Berlin (epd). Bundesjustizministerin Christine Lambrecht (SPD) hat die Novemberpogrome vom 9. November 1938 als „Orgie barbarischer Gewalt“ bezeichnet. Sie zählten zu den schrecklichsten und beschämendsten Momenten deutscher Geschichte, sagte sie am Dienstag bei einer Gedenkveranstaltung in der Berliner Jüdischen Gemeinde im Beisein von Bundespräsident Frank-Walter Steinmeier. Unzählige jüdische Frauen, Männer und Kinder seien damals gedemütigt, misshandelt, vergewaltigt oder ermordet worden.
Die Vernichtung regen jüdischen Lebens sei vor den Augen aller geschehen: „Wer sehen wollte, konnte sehen“, sagte Lambrecht. Doch die meisten hätten weggesehen oder gar applaudiert. Vor diesem Hintergrund äußerte sich die Bundesjustizministerin zutiefst besorgt über zunehmenden Antisemitismus in Deutschland. Es sei unerträglich, dass es auch in Berlin Gegenden gebe, die Jüdinnen und Juden lieber meiden.
Berlins Regierender Bürgermeister Michael Müller (SPD) beklagte bei der Gedenkveranstaltung einen wachsenden Antisemitismus. Auf Demonstrantionen gegen die Corona-Maßnahmen würden gelbe Sterne getragen und der Holocaust relativiert, sagte Müller. Er betonte vor diesem Hintergrund die „herausragende Bedeutung dieses Gedenkens für Freiheit und Demokratie“.

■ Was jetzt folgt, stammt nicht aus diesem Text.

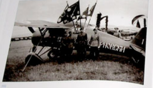
2. The aircraft was damaged during the attack on the airfield at Kaniemi, New Guinea, on 14 October 1944.

In 1944, a total of 112 B-24s were assigned to the 97 Bombardment Group, 8th Air Force, based at Kaniemi, New Guinea. The aircraft were assigned to the 97 Bombardment Group, 8th Air Force, based at Kaniemi, New Guinea. The aircraft were assigned to the 97 Bombardment Group, 8th Air Force, based at Kaniemi, New Guinea.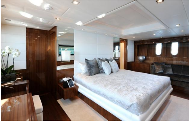
Master Cabin 1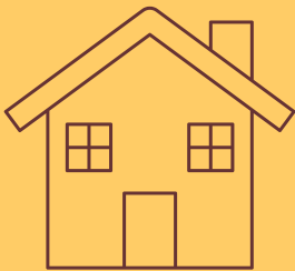
Average Home Value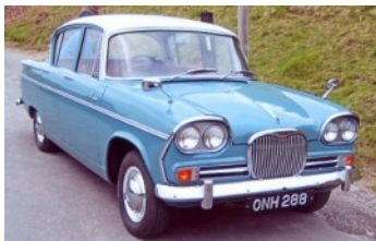
1961-1966 - Vogue Mk I - Mk IV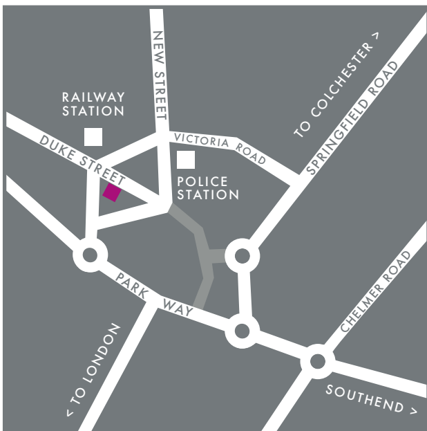
Chelmsford City Centre

If you require any further assistance please telephone: 01245 504 904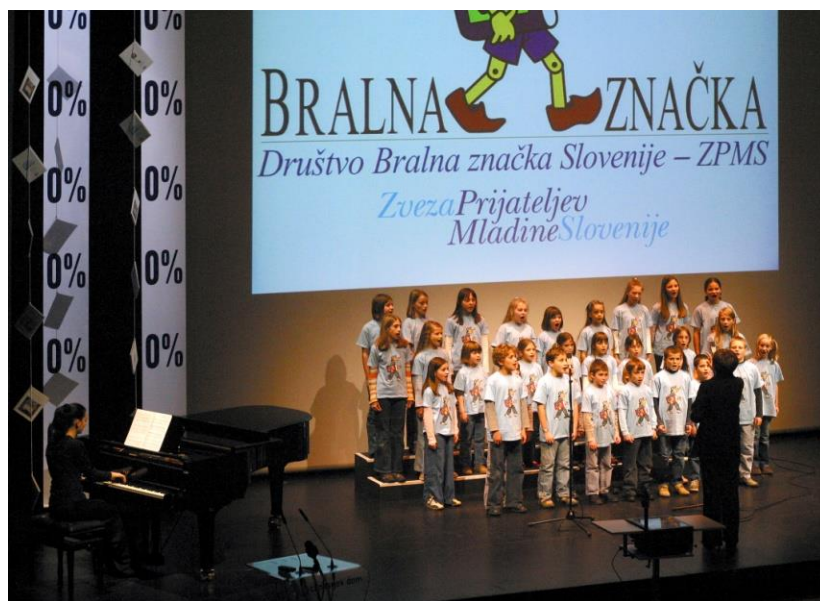
The event marking the 45th anniversary of The Reading badge (I. Lapajne)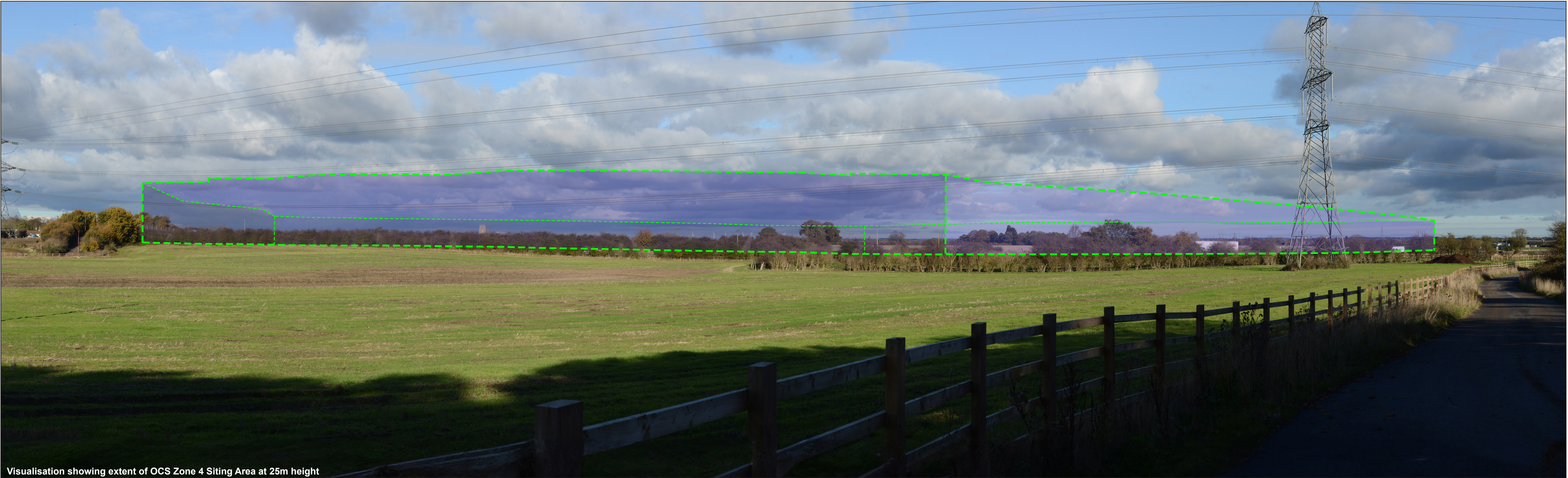
Visualisation showing extent of OCS Zone 4 Siting Area at 25m height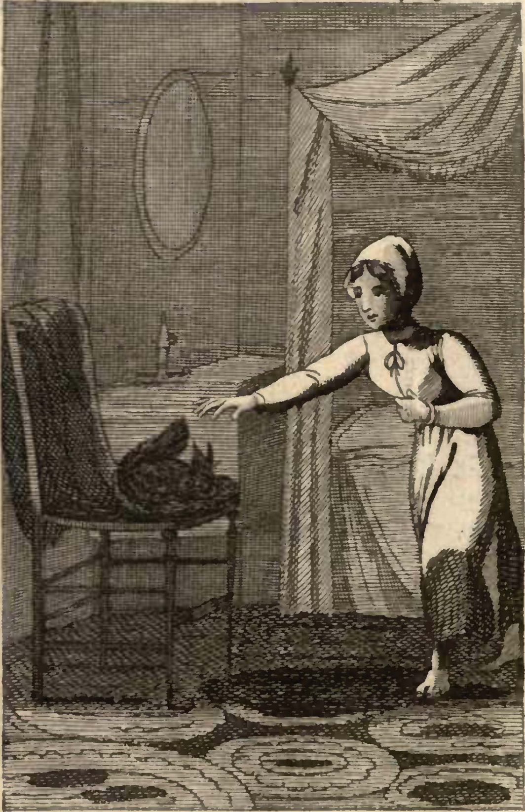
She distinguished me.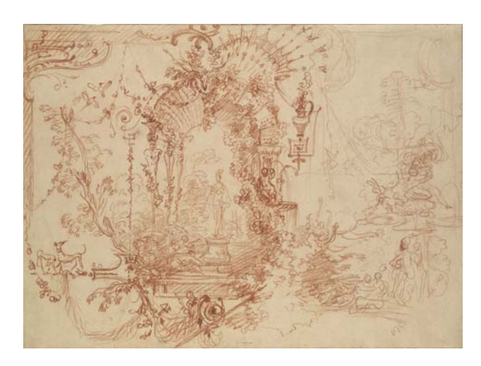
Antoine Watteau (1684–1721) Temple of Diana, 1716 Red chalk 10 1/2 x 14 1/4 inches (267 x 362 mm) Purchased on the Sunny Crawford von Bülow Fund 1978; 1980.9

October 2, 2009, through January 10, 2010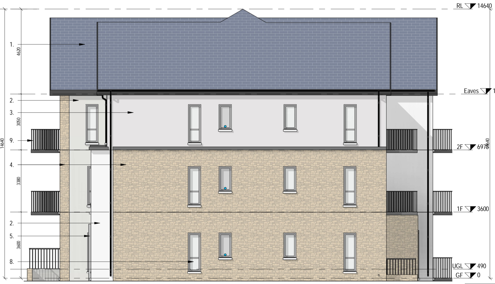
4 Elevation 4 1:100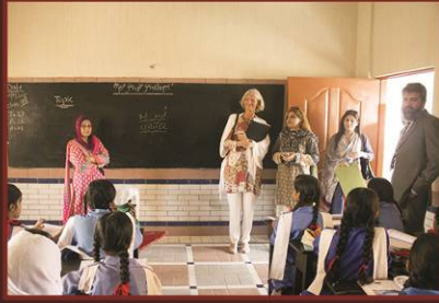
European Union Mission visit Government Girls High School Gizri, Karachi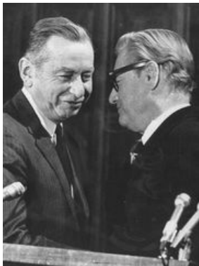
Lt. Gov. Malcolm Wilson is congratulated on Nov. 12, 1973 by Gov. Nelson Rockefeller (R) at the podium during an Albany news conference. Wilson, who has been No. 2 in the state for 15 years, will become governor at age 59.

Auf die Fassade des Jüdischen Gemeindehauses wurde eine Simulation der am selben Ort befindlichen Synagoge projiziert, die am 9. November 1938 in Brand gesteckt wurde. Zum Gedenktag wurden zudem die Namen der 55.696 ermordeten Berliner Juden aus dem Gedenkbuch des Landes Berlin vorgelesen.